22.6 Um caso de falha da IA
Você pede a uma IA que desenhe um controle negativo para o seu ensaio com etanol. Ela responde, com total confiança, “use um disco embebido em água estéril”. Você roda, o disco de água volta perfeitamente limpo, e a conclusão arrumadinha se escreve sozinha: controle aprovado, efeito confirmado. Aqui está a armadilha. Água não é o veículo que você usou. Você entregou o extrato em etanol, então o artefato que precisava descartar era a toxicidade do etanol, e um disco de água nunca conseguiria mostrá-la. O resultado limpo não descartou absolutamente nada.
Você pega isso com uma pergunta que a ferramenta nunca fez a si mesma: qual artefato este controle de fato descarta? Um controle de veículo válido combina com o modo como você entregou a causa, solvente por solvente. No instante em que você vê o descompasso, troca a água por etanol 70% e roda o teste que pode genuinamente falhar. Isso é um método plausível mas errado: o conselho soava como prática de livro-texto e estava errado para o seu caso.
22.7 Agora é a sua vez
Seu projeto tem uma estimativa principal com um intervalo em volta. Este passo aponta duas verificações para lugares onde a resposta tem de ser zero, para você descobrir se foi o mundo que produziu o seu resultado ou o seu próprio pipeline.
- Nomeie o artefato que mais lhe assusta: a maneira pela qual o seu procedimento, e não o seu objeto de estudo, poderia ter fabricado o seu resultado. Uma frase, escrita antes de você sair procurando.
- Escolha o teste negativo capaz de pegá-lo, seja um rótulo placebo, um resultado de falsificação mensurado onde o efeito ainda não pode existir, ou um controle negativo que a sua causa não teria como tocar. Depois confirme que o controle é genuinamente nulo. Se a sua causa alcança esse controle, não é um teste negativo e ele vai falhar em silêncio.
- Escreva o zero exato que você espera antes de rodar qualquer coisa, e comprometa-se a relatar o resultado dê no que der.
- Rode um diagnóstico ao lado dele. Deixar um caso de fora é o mais barato: remova cada caso por vez, recalcule e descubra se uma única observação está carregando o seu achado.
- Registre o que você obteve contra o que previu e, se a estimativa se moveu, diga em quanto.
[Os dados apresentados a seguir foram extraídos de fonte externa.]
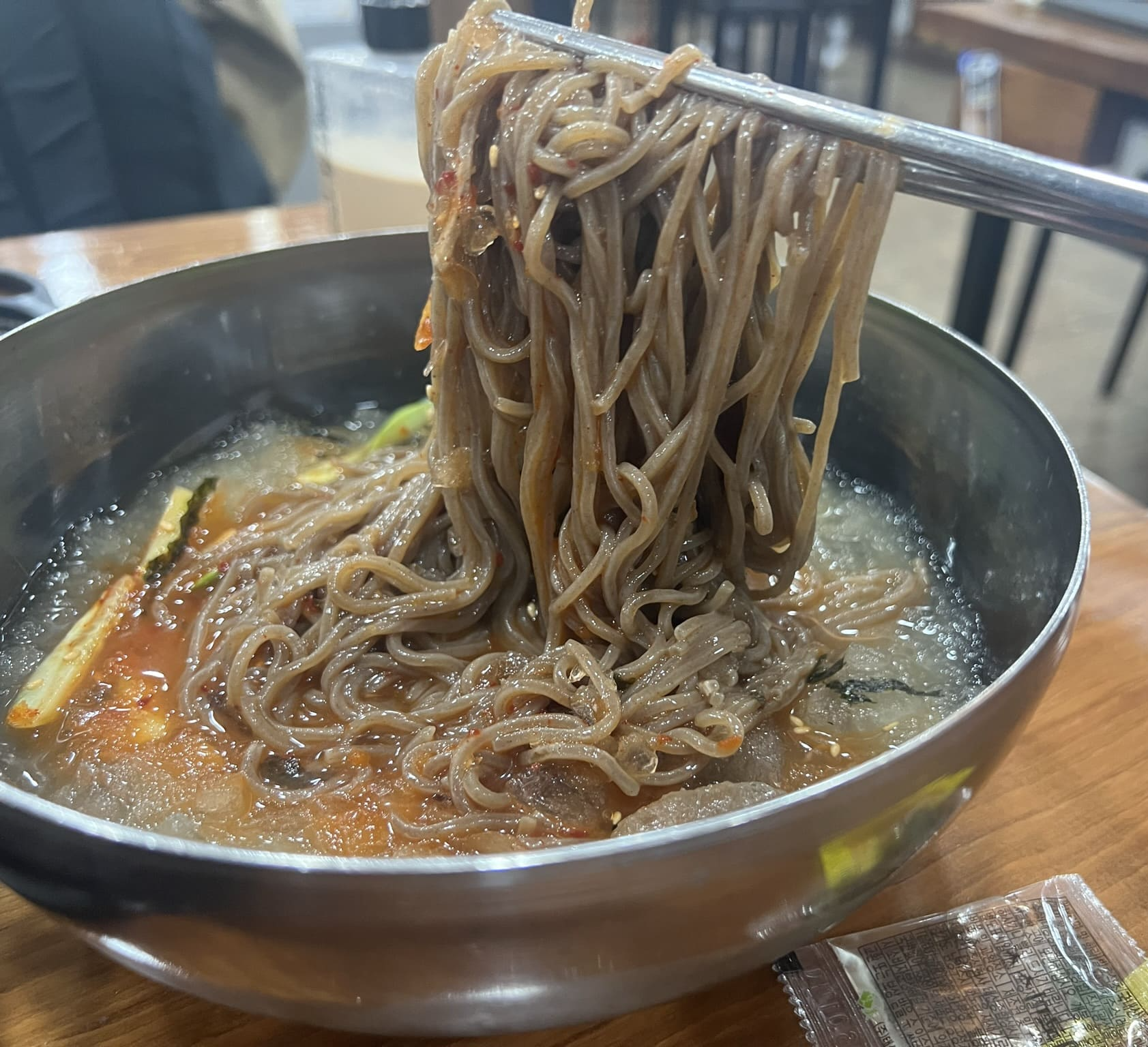 튜닝의 끝은 순정이라고, 같이주는 겨자나 식초등을 일절 넣지 않았습니다. 이 간 상태 그대로 먹기를 원했어요. 살얼음을 해치고 나오는 저 모습이 은하수를 해치고 나오는 철도 999를 보는 듯 했습니다. (모르는 분들도 계시겠죠, 추억의 만화...)
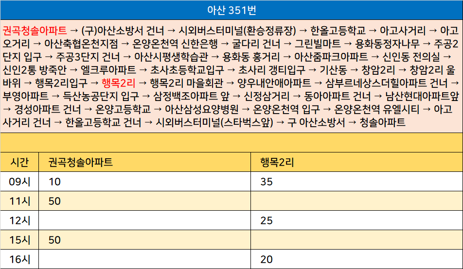 아산 351번: 권곡청솔아파트 → (구)아산소방서 건너 → 시외버스터미널(환승정류장) → 한올고등학교 → 아고사거리 → 아고오거리 → 아산축협온천지점 → 온양온천역 신한은행 → 굴다리 건너 → 그린빌마트 → 용화동정자나무 → 주공2단지 입구 → 주공3단지 건너 → 아산시평생학습관 → 용화동 홍거리 → 아산줌파크아파트 → 신인동 전의실 → 신인2통 방죽안 → 엘크루아파트 → 초사초등학교입구 → 초사리 갱티입구 → 기산동 → 창암2리 → 창암2리 울바위 → 행목2리입구 → 행목2리 → 행목2리 마을회관 → 양우내안애아파트 → 삼부르네상스더힐아파트 건너 → 부영아파트 → 득산농공단지 입구 → 삼정백조아파트 앞 → 신정삼거리 → 동아아파트 건너 → 남산현대아파트앞 → 경성아파트 건너 → 온양고등학교 → 아산삼성요양병원 → 온양온천역 입구 → 온양온천역 유엘시티 → 아고사거리 건너 → 한올고등학교 건너 → 시외버스터미널(스타벅스앞) → 구 아산소방서 → 청솔아파트
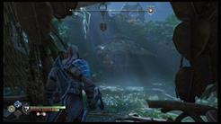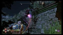 Down the wooden lift that takes you from the ritual site to the underground. Follow the linear path past the enemy creatures and the zipline to the west. Go down the ledge and turn right to climb the wall. Next to a dead body.
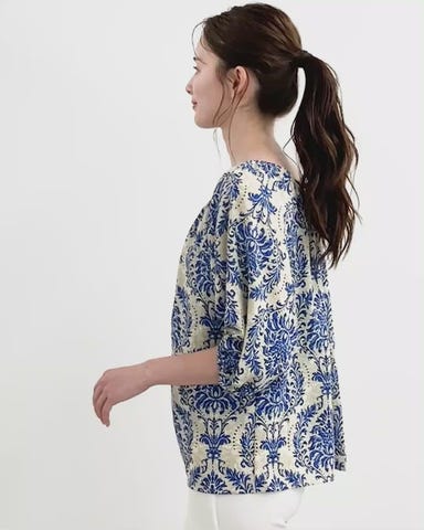 鮮やかなプリント柄が華やかな印象を与えるブラウス。
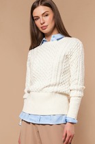 Совместные покупки Уфа Женская одежда Джемперы, свитеры, водолазки — Vilatte Повседневный джемпер из хлопка с акрилом D39.474 белый
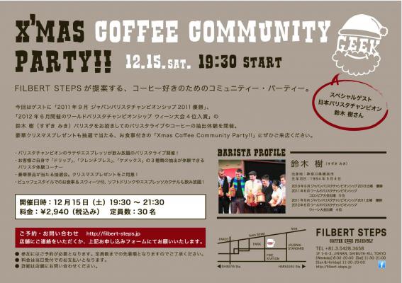 株式会社ベイクルーズグループ(東京都渋谷区、代表:窪田 祐)は、「COFFEE GEEK FRIENDLY」をテーマとしたコーヒーショップ・ブランド 「FILBERT STEPS | (http://filbert-steps.jp/)」にて、2012年12月15日(土)19:30~21:30に【X'mas Coffee Community Party!!】を開催。

Depois escreva o seu limite em uma linha: o artefato que essa passagem descarta, e a alegação causal ou geral que ela ainda assim não estabelece.
- Registre os dois testes no seu AI Research Ledger (registro de pesquisa com IA), e verifique pelo menos uma saída com um método nomeado do Guia de Verificação. A simulação é a ferramenta certa para um teste negativo: construa na mão um conjunto de dados em que nenhum efeito existe, rode nele a sua maquinaria de teste e confirme que ela devolve zero em dados sabidamente nulos antes de confiar no zero que ela devolveu nos seus. Uma IA revisora pode rodar a checagem com você; a decisão de aceitar ou rejeitar continua sendo sua.